# [Problem requirements]
The full listing, returned exactly and free of pictures, is the expected answer.

# [The data]
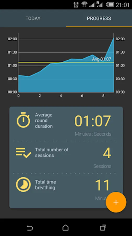 + Simple graphs show how you progress over time and the details of each breathing session
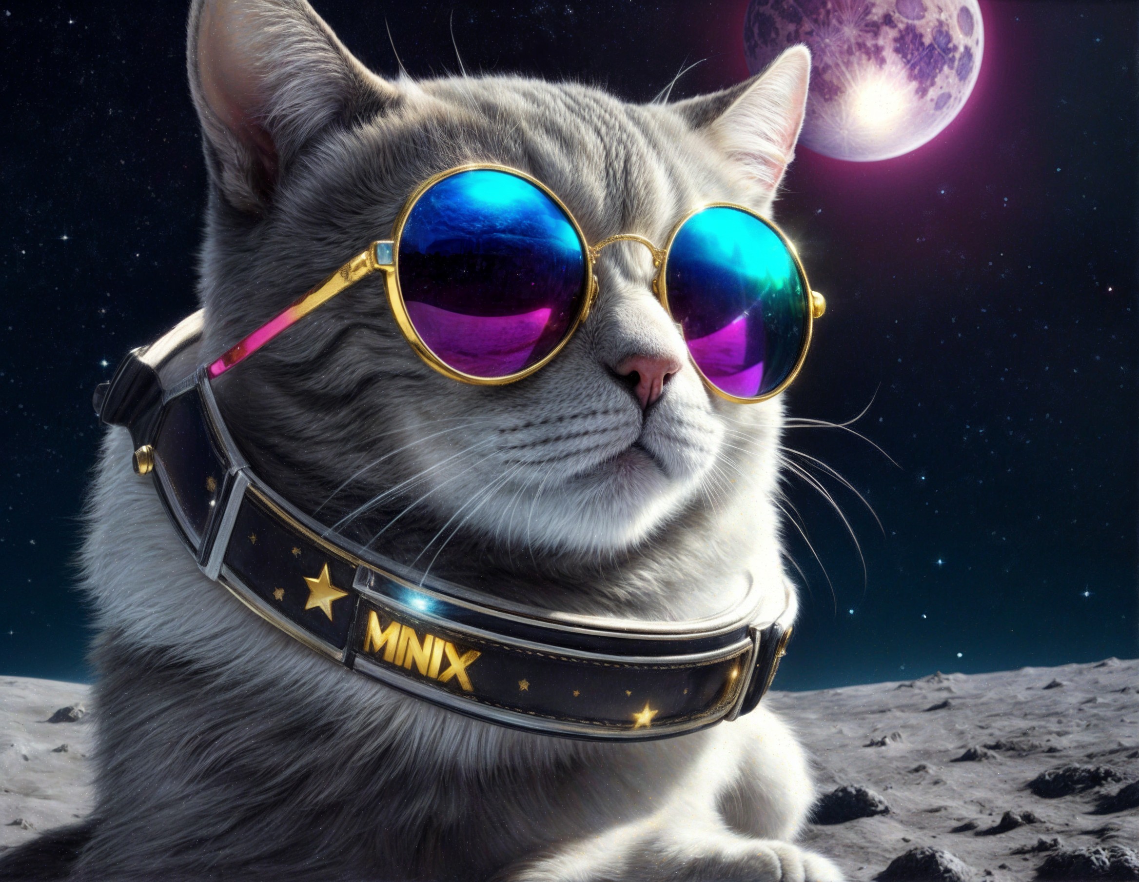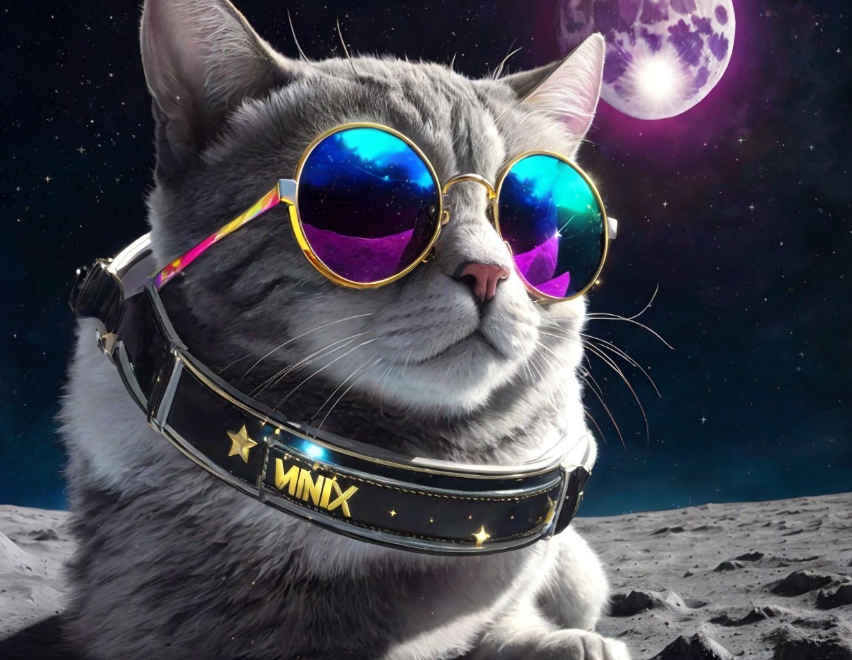 A stylish cat in reflective sunglasses and a space collar lounges on the moon's surface, with a vibrant cosmic backdrop featuring a distant planet. It exudes a cool, adventurous vibe.
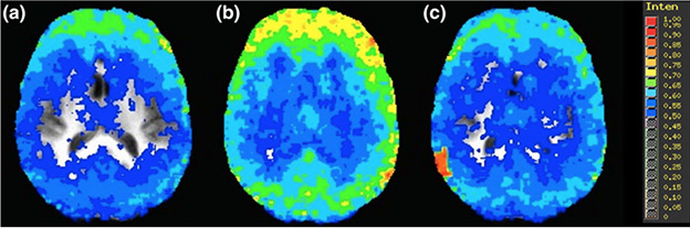 These images show a person’s brain before drinking 6 ounces of whisky (left), immediately after drinking the whisky (middle) and 90 mins after drinking (right). In these brain scans, blue represents a more chaotic brain, while yellow shows less chaos.
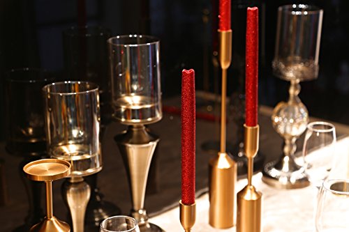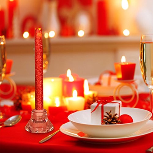 - Realistic & Specifications—Made from real high quality wax, glitter powder wax body shines with a dazzling light, feels and looks like a real taper candle. Blinking slowly. 9 inches high. Package of 2. 3 different sizes silicone holder adapter including, fitting for most candle holder. Runs on 2x AA batteries (not included). An excellent substitute to traditional taper candle.

# [Answer section]
 + Simple graphs show how you progress over time and the details of each breathing session
 A stylish cat in reflective sunglasses and a space collar lounges on the moon's surface, with a vibrant cosmic backdrop featuring a distant planet. It exudes a cool, adventurous vibe.
 These images show a person’s brain before drinking 6 ounces of whisky (left), immediately after drinking the whisky (middle) and 90 mins after drinking (right). In these brain scans, blue represents a more chaotic brain, while yellow shows less chaos.
 - Realistic & Specifications—Made from real high quality wax, glitter powder wax body shines with a dazzling light, feels and looks like a real taper candle. Blinking slowly. 9 inches high. Package of 2. 3 different sizes silicone holder adapter including, fitting for most candle holder. Runs on 2x AA batteries (not included). An excellent substitute to traditional taper candle.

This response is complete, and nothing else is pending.